2007 marked the culmination of the largest procurement programmes ever undertaken by the UAE Air Force, with the final deliveries of the 80 F-16E/F Block 60 "Desert Falcons" and approximately 60 upgraded Mirage 2000-9, giving the air force a considerable multirole capability. These two investments represented a total expenditure of around $10 billion, with additional money spent on infrastructure and logistics. A $6.4 billion contract with Lockheed Martin for the supply and support of the 80 F-16s was signed in March 2000, while a $3.4 billion deal for the purchase of 30 new Mirage 2000-9 and retrofitting of the 33 older UAE Mirage 2000s was signed earlier in 1998. Missiles were also purchased: 160 AGM-88 HARMs, 1,000 or more AGM-65 Mavericks, about 500 AIM-120 AMRAAMs, 270 AIM-9 Sidewinders and 52 AGM-84 Harpoons. In November 2017, the United Arab Emirates Armed Forces announced their intention to sign a contract with Dassault Aviation for the upgrade of its Mirage 2000-9 aircraft. French newspaper La Tribune reported the modernization would cost roughly €300 million.

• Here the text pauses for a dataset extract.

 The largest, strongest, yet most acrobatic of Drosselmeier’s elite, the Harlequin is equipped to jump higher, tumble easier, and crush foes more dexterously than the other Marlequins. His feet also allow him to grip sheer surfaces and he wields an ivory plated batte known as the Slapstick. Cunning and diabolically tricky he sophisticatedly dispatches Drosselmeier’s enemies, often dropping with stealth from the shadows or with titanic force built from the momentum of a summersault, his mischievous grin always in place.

After a competition between the BAE Hawk, KAI T-50 Golden Eagle and Alenia Aermacchi M-346 Master, the UAEAF announced the acquisition of 48 trainer and light attack aircraft, with the first deliveries to take place in 2012. The other training types that are thought to be near replacement are the 30 Pilatus PC-7s and five Aermacchi MB-339s serving with the Air Academy at Al Ain.  The MB-339 is also in use with the UAEAF flight display team, Al Fursan.

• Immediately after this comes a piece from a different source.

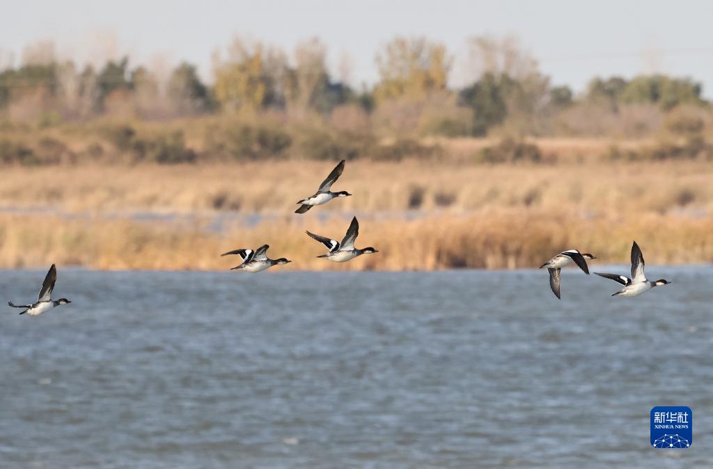 11月12日,在黃河三角洲國家級自然保護區,越冬候鳥在飛翔。

The UAEAF has operated 20 IAR 330 Puma helicopters since the late 1970s. These have been recently upgraded to the IAR-330SM standard by IAR Ghimbav in Romania in cooperation with Eurocopter. These aircraft, supplemented by a further ten ex-South African Air Force reworked SA-330s, are expected to remain in service for at least 15 years. Although no replacement for the Puma fleet is required in the immediate future, the force will be supplemented by 26 Sikorsky UH-60M Battlehawks, with 390 AGM-114N Hellfire II missiles. 30 AH-64A Apache helicopters were modernised as well, to the AH-64D Longbow standard, and a dozen Eurocopter Fennecs were recently acquired for special forces use.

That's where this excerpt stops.